The distribution potential of great hornbill and rufous-necked hornbill was delineated using species distribution modelling. This model is a very effective tool for mapping the suitable habitats of different species under the influence of topographic and climatic factors. In comparison, great hornbill has 2% of the area of Bhutan suitable for habitat whereas rufous-necked hornbill has total of 3% of most suitable habitat in Bhutan. However, rufous-necked hornbill habitat range is high in central, southeast, and northeast region of Bhutan. The probability of occurrence of the great hornbill is high in the southern region and elevation below 3000 msl. Rufous-necked hornbill prefers semiarid and arid region whereas great hornbill prefers humid condition. The model also revealed that the highest contributing variables for predicting this threatened species were aspect and precipitation of wettest month. The baseline information generated from the present study can be useful facilitating fieldwork, planning, and future scientific management of these species in the country.

6.1. Recommendation

Due to the limited time period, the presence data of the species was low and could not collect the distribution information in a different season. The future research on this species can be improved with data collection on the distribution of great hornbill and rufous-necked hornbill throughout its range of both breeding and nonbreeding season so that an appropriate conservation measure and better model could be undertaken.

Data Availability

The environmental data were obtained from the WorldClim dataset at a resolution of 1 km2 (https://www.worldclim.org). Topograhic variables, namely, elevation, aspect, and slope were derived from the digital elevation model of Shuttle Radar Topographic Mission (SRTM). The primary data that support the findings of this study are available from the corresponding author upon the request.
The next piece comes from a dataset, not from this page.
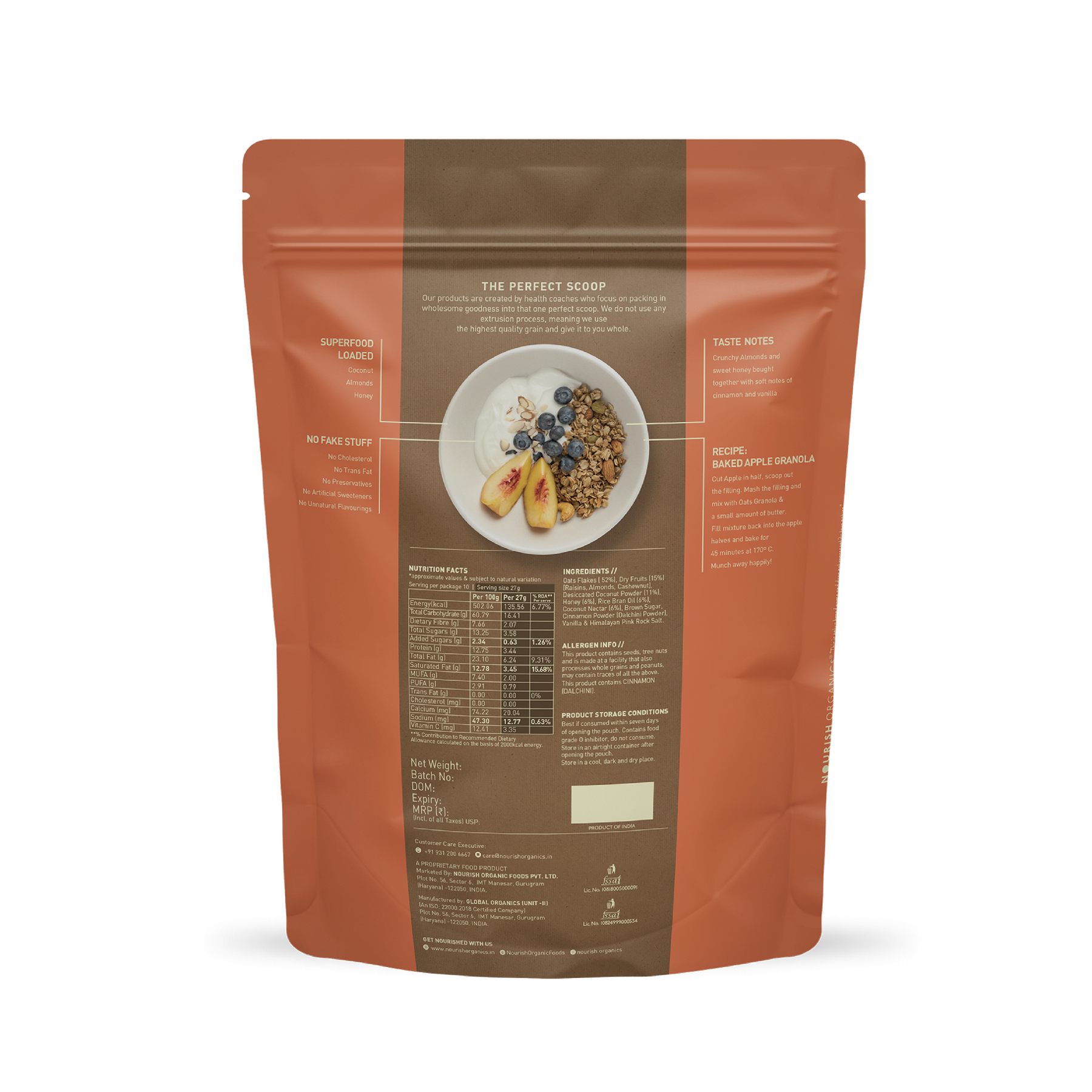 Say ‘hello!’ to your day with healthy breakfast cereal - Our super hearty, super satisfying Oats Granola. Nourish Organics Oats Granola is an ideal breakfast choice for health conscious people. This healthful blend is chock-full of whole food goodness. Organic brown sugar and honey add a touch of sweetness, while cinnamon and vanilla add a warm and comforting flavor. It’s delicious served in a bowl with milk, atop a cup of smooth & creamy yogurt, or as a simple snack all on its own!
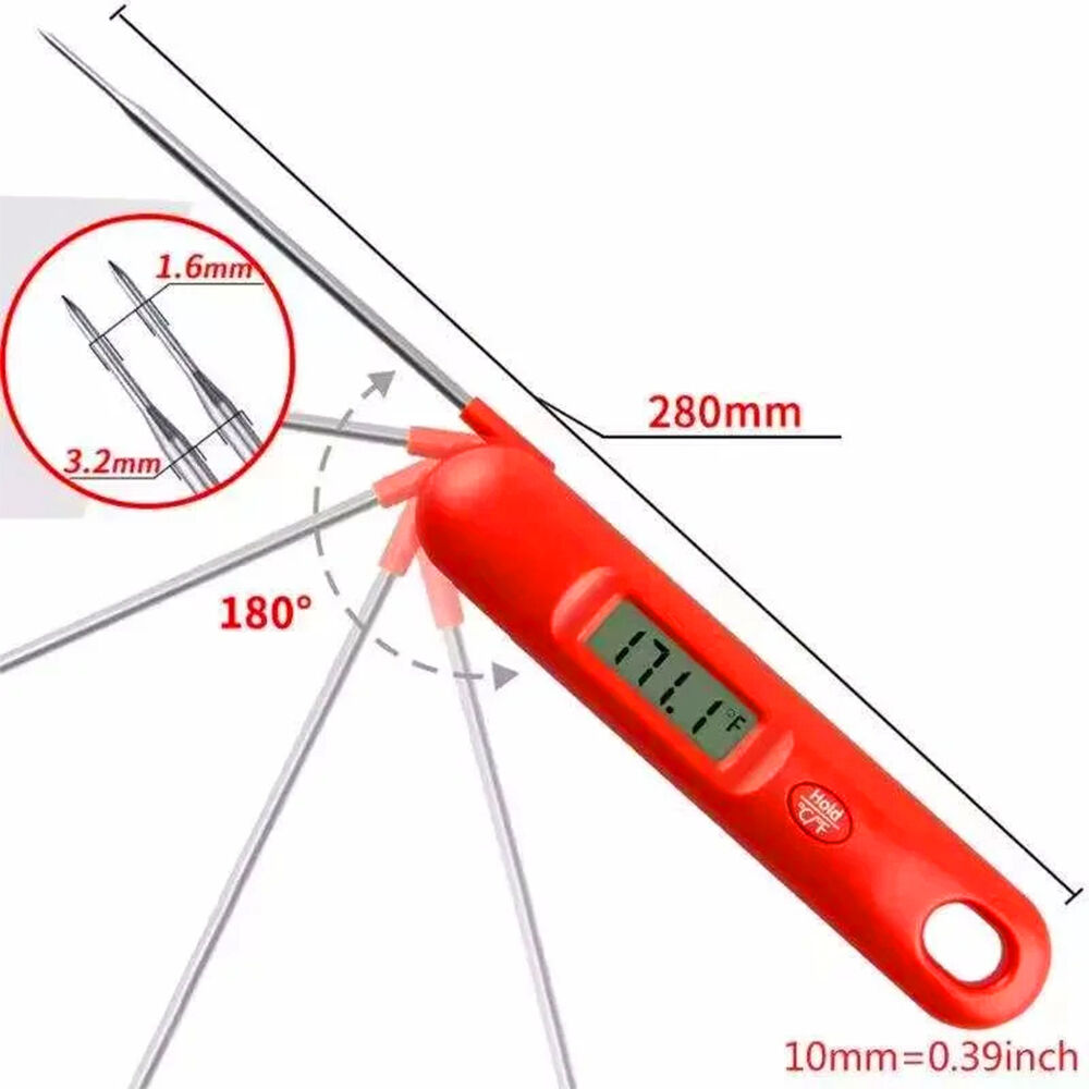 • Accurate and fast:The kitchen digital meat thermometer only takes 3s-4s to complete a temperature measurement. In a wide range of - -50 to 300¡æ, achieving accurate to +/-0.8 degrees. There is no need to wait for the temperature of the hot oven or grill to stabilize. Whether it is fried steak, grill, pork, lamb, turkey, fried fish, potatoes or outdoor barbecue, this meat thermometer can provide you with an accurate temperature reference

This work is made available as authorea preprint (Puri et al., 2022).

Conflicts of Interest

The authors declare no potential conflicts of interest.

Authors’ Contributions

NirKumar Puri, AmitKumar Verma, and Ramesh Chhetri performed the conceptualization, data curation, and software analysis. NirKumar Puri and AmitKumar Verma investigated the research work. NirKumar Puri wrote the manuscript. AmitKumar Verma, Ramesh Chhetri, Harish Bahadur Chand, and Sandip Rijal supervised the study. AmitKumar Verma performed the formal analysis. Ramesh Chhetri carried out the methodology and modified into paper. Ramesh Chhetri, Harish Bahadur Chand, and Sandip Rijal reviewed and edited the manuscipt.


The authors are very thankful to the Forest Research Institute, Dehradun, for creating such platform for them to learn, understand, and support for the completion of this work. The authors express their heartfelt gratitude to Ugyen Kelzang, Prakash Rai, and Wangchuk for their continuous support and help during the field survey.